In a letter to lawyers yesterday, leaders of the state trial and appeals courts announced their court buildings will likely remain shut through at least the end of June, but that trials probably won't restart until September, due to Covid-19 concerns.
Still, as judges and lawyers have gotten better adept at online justice, there will be fewer delays in pre-trial hearings and conferences as those move to videoconferences and phone calls, SJC Chief Justice Ralph Gants, Appeals Court Chief Justice Mark Green and Trial Court Chief Justice Paula Carey wrote yesterday.
We expect that courthouses will physically reopen this summer, but only in stages and only for certain matters that require in-person appearances.
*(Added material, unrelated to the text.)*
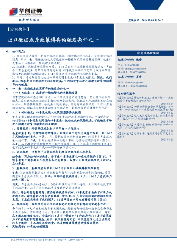 【华创证券】【20240826】出口数据或是政策博弈的触发条件之一-10页

Even as courthouses reopen, we will still need to conduct most court business virtually to reduce the number of lawyers, litigants, and court personnel that come to the courthouse, so that those who must come can do so safely with the necessary social distancing. The days when our Trial Court welcomed approximately 40,000 persons a day into our courthouses are over, at least for the duration of the pandemic. ...
We hope that, in September, if schools reopen, we will once again begin to conduct jury trials. But the challenges of conducting jury trials with social distancing during a pandemic are formidable, and will require us to reimagine how juries are empaneled, where they will sit during trial, and where they will deliberate so that jurors can both be safe and feel safe. We are hard at work trying to address those challenges, and it is premature to predict now what it will look like.
The justices continued that, in the long run, the changes made to accommodate online justice will turn out to be a good thing:
Long before the pandemic, we recognized that the civil courts of the future would need to resolve an increasing number and range of matters without burdening attorneys, litigants, and witnesses with the need to come to a courthouse. By doing so, we would enable attorneys to reduce the time (and therefore the cost) devoted to litigation, spare self-represented litigants from the need to miss work or find child or elder care, and allow civil disputes to be resolved equally thoughtfully but more efficiently. Before the pandemic, we expected that it would take years to make substantial progress in this regard; with the pandemic, we have made substantial progress in just a few months. Therefore, even when this pandemic is behind us, we do not believe we will or should go back to doing things as we did in February. We are, more quickly than many thought we could and with some stumbles along the way, creating a more modern and efficient court system that will survive after the pandemic has passed.